Carotids Disease Diagnosis & Treatments
Signs and symptoms:
The carotid artery is the large artery whose pulse can be felt on both sides of the neck under the jaw. On the right side it starts from the brachiocephalic trunk (a branch of the aorta) as the common carotid artery, and on the left side the common carotid artery comes directly off the aortic arch. At the throat it forks into the internal and external carotid arteries. The internal carotid artery supplies the brain, and the external carotid artery supplies the face. This fork is a common site for atherosclerosis, an inflammatory buildup of atheromatous plaque that can narrow the lumen (diameter) of the common or internal carotid arteries.
The plaque can be stable and asymptomatic, or it can be a source of embolization. Emboli (solid pieces) break off from the plaque and travel through the circulation to blood vessels in the brain. As the vessel gets smaller, they can lodge in the vessel wall and restrict blood flow to parts of the brain which that vessel supplies. This ischemia (reduced blood flow) can either be temporary, yielding a transient ischemic attack, or permanent resulting in a thromboembolic stroke.
Clinically, risk of stroke from carotid stenosis is evaluated by the presence or absence of symptoms and the degree of stenosis on imaging.
Transient ischemic attacks (TIA's) are a warning sign, and are often followed by severe permanent strokes, particularly within the first two days. TIA's by definition last less than 24 hours (and usually last a few minutes), and frequently take the form of a weakness or loss of sensation of a limb or the trunk on one side of the body, or the loss of sight (amaurosis fugax) in one eye. Less common symptoms are artery sounds (bruits), or ringing in the ears (tinnitus).
Carotid stenosis is usually diagnosed by colour flow duplex ultrasound scan of the carotid arteries in the neck. This involves no radiation, no needles and no contrast agents that may cause allergic reactions. This test has moderate sensitivity and specificity, and yields many false-positive results.

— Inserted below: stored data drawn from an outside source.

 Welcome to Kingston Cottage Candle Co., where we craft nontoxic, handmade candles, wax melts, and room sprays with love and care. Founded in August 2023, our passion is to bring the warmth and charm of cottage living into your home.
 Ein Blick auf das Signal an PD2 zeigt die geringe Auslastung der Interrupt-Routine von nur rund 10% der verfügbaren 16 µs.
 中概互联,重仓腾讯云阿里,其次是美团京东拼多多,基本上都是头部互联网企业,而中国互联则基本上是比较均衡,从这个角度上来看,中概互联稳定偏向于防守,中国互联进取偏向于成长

Typically duplex ultrasound scan is the only investigation required for decision making (including proceeding to intervention) in carotid stenosis. Occasionally further imaging is required. One of several different imaging modalities, such as angiogram, computed tomography angiogram (CTA) or magnetic resonance imaging angiogram (MRA) may be useful. Each imaging modality has its advantages and disadvantages - the investigation chosen will depend on the clinical question and the imaging expertise, experience and equipment available
Medications alone (an antiplatelet drug (or drugs) and control of risk factors for atherosclerosis)

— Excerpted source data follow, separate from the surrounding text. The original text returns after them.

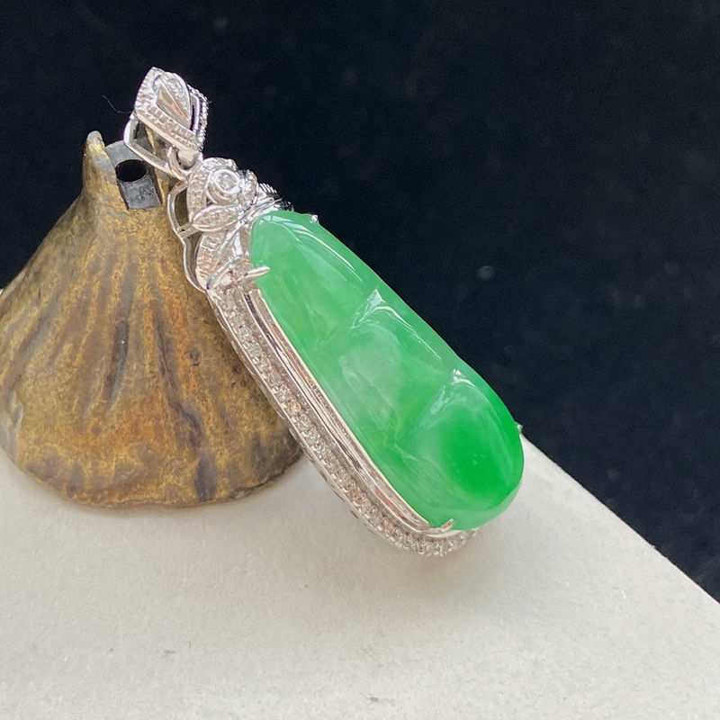 • [名  称] 18K糯冰种阳绿翡翠福豆吊坠
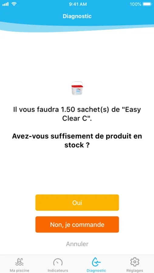 - Have a personalized analysis based on your pool model and equipment, your maintenance habits and your treatment method. Indeed, the system is linked to your customer account and allows you to have a custom prescription.
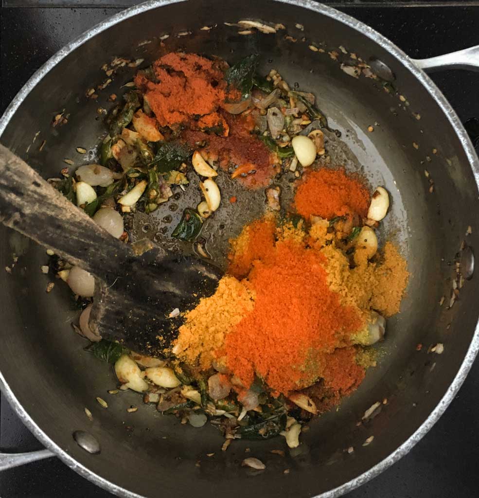 Heat the sesame oil in a kadai (wok) and add the mustard, fennel and fenugreek seeds and cook until the seeds pop and splutter in the pan.
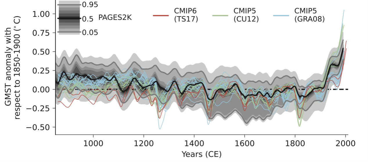 2013年发表在Science上的一篇文章(Marcott et al., 2013),把对地球过去温度的重建序列延伸到11300年前,结果揭示,地球在全新世早期(10000至5000年前)的经历温暖期之后,在全新世中期到晚期(<5000年前)冷却了~0.7°C,在大约200年前的小冰河时代达到全新世最冷的温度。在过去的一个世纪里,我们星球变暖的速度比上一个冰河时代结束以来的任何时候都要快。
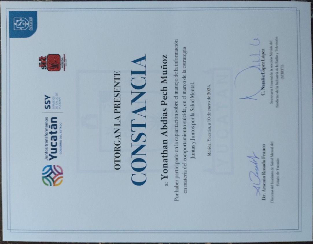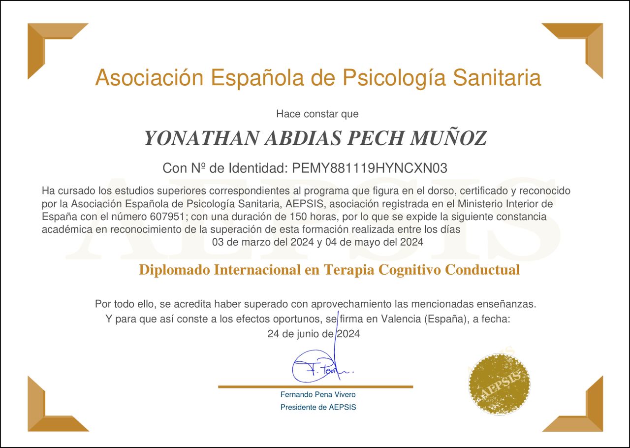 Hola, soy Yonathan Pech Muñoz, psicólogo clínico. Atiendo a jóvenes y personas adultas en un espacio de confianza, donde trabajamos juntos para afrontar la ansiedad, la depresión, el estrés, el riesgo suicida y otros desafíos emocionales. Utilizo los enfoques cognitivo-conductual y terapias contextuales. Mi objetivo es ayudarte a comprender lo que estás viviendo y acompañarte en el proceso de sentirte mejor.

Medical management plus carotid endarterectomy or carotid stenting
The goal of treatment is to reduce the risk of stroke (cerebrovascular accident).

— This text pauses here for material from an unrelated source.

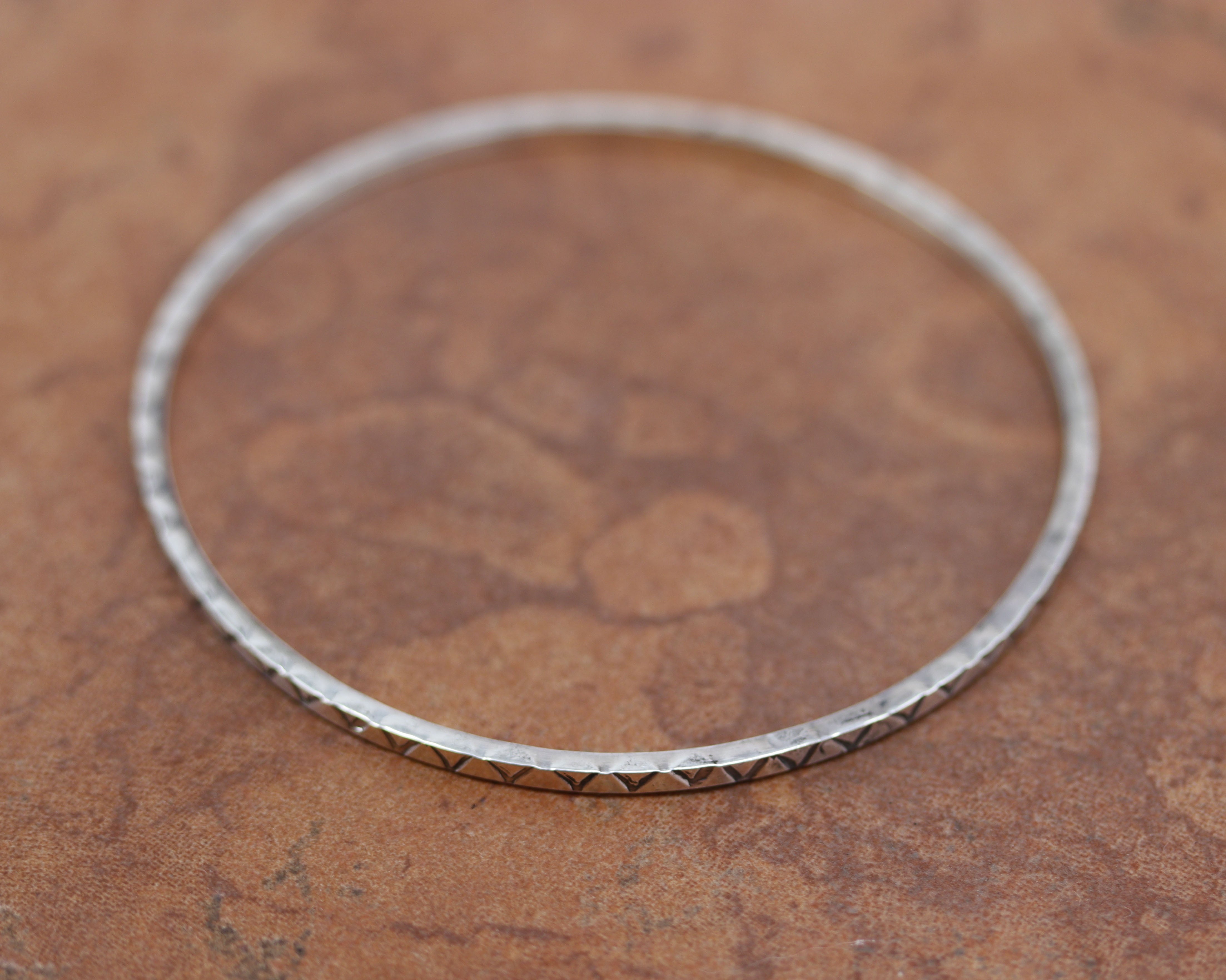 Navajo Native American bracelet by Elaine Tahe. It is made from sterling silver. It is about 8" around and about 1/8" wide at the widest point.

Intervention (carotid endarterectomy or carotid stenting) can cause stroke, however where the risk of stroke from medical management alone is high, intervention may be beneficial.
In selected, high-risk trial participants with asymptomatic severe carotid artery stenosis, carotid endarterectomy by selected surgeons reduces the 5-year absolute incidence of all strokes or perioperative death by approximately 5%. In excellent centers, carotid endarterectomy is associated with a 30-day stroke or mortality rate of about 3%; some areas have higher rates.
Clinical guidelines (such as those of National Institute for Clinical Excellence (NICE)) recommend that all patients with carotid stenosis be given medication, usually anti-hypertensive drugs, anti-clotting drugs, anti-platelet drugs (such as aspirin), and especially statins (which were originally prescribed for their cholesterol-lowering effects but were also found to reduce inflammation and stabilize plaque).
NICE and other guidelines also recommend that patients with symptomatic carotid stenosis be given carotid endarterectomy urgently, since the greatest risk of stroke is within days. Carotid endarterectomy reduces the risk of stroke or death from carotid emboli by about half.
For people with stenosis but no symptoms, the surgical recommendations are less clear and controversial. Such patients have a historical risk of stroke of about 1-2% per year. Carotid endarterectomy has a surgical risk of stroke or death of about 2-4% in the best institutions. Carotid endarterectomy reduced major stroke and death by about half, even after surgical death and stroke was taken into account. According to the Cochrane Collaboration the absolute benefit of surgery is small.